Updated

President Obama has finished trying to turn the Republican tide on health care reform and is now focusing his sights on average Americans. It is through their prism that Mr. Obama hopes to prod members of congress to urgently pass his health care reform legislation and he did so in full-on campaign style Monday in Pennsylvania.

A deafening crowd welcomed the President to Arcadia University, just north of Philadelphia, where Mr. Obama told them he gets it.

"We need to give families and businesses more control over their own health insurance and that's why we need to pass health care reform; not next year, not five years from now, not ten years from now. But now."

But what is it exactly that brings the President to the Philadelphia area? If you ask the Republican National Committee, it's salvaging the faltering campaign of Democratic Senator Arlen Specter. Ironically, the group says, it's the health care reform push that is taking its toll on his re-election bid.

The RNC cited a February Franklin and Marshall College Poll Monday as evidence. The poll says only 30% of Pennsylvanians approve of the job Senator Specter is doing compared to a 52% approval rating last March, when the health care debate began.

Mr. Obama's aides say his visit was not about elections. "I wouldn't say that this is about any specific targeting in that sense," Deputy White House Press Secretary Bill Burton told reporters. "I mean, if you look at where we're going, it doesn't really have an impact on a particular member. But Philadelphia is a place where they are seeing these rising costs really crush their -- crush families and businesses and local government."

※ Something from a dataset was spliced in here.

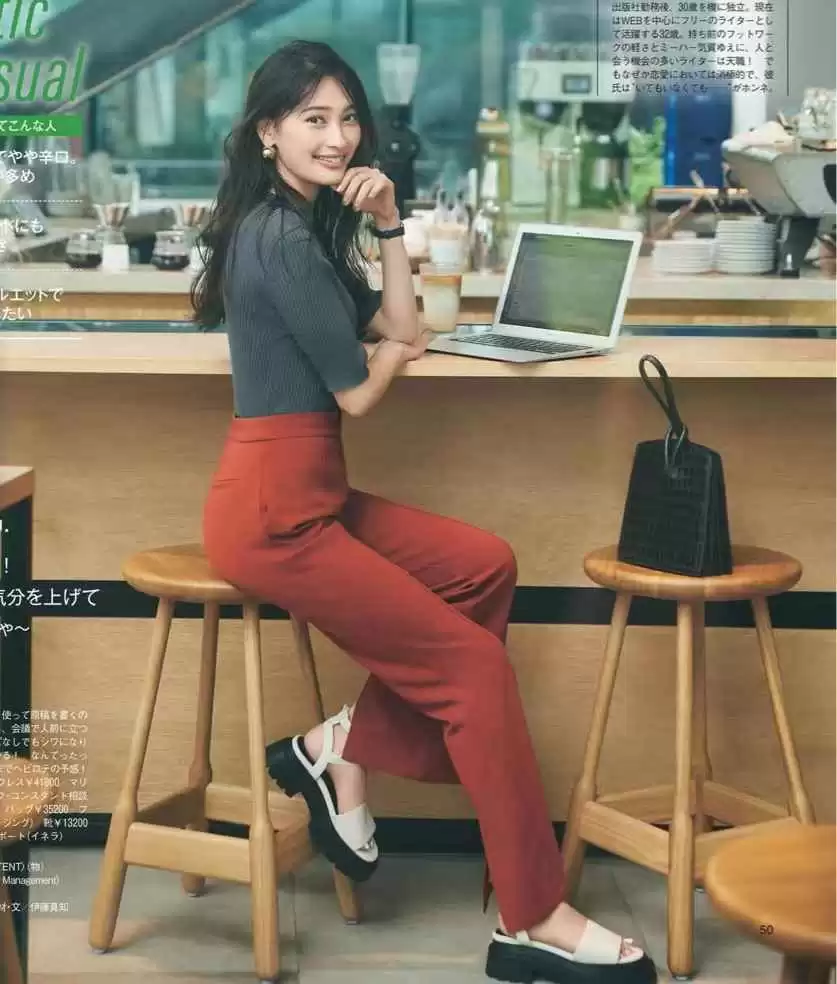 这条红裤并非鲜亮红色,而是融入橙黑调,降低浮夸感,更显质感。搭配深灰色针织T恤,凸显温柔女人味。厚底凉鞋的混搭,增添休闲优雅感,一眼吸睛。

The President is in his comfort zone in such public settings. He has hit the road before on behalf of his health care agenda.

But this time, the message is more urgent. As Mr. Obama traverses the country-- hitting St. Louis on Wednesday-- will members of Congress feel the nudge of their constituents enough to get on board with his health care agenda? There isn't much time left to find out. The White House has said they want a House-passed bill by the time President Obama heads overseas on March 18.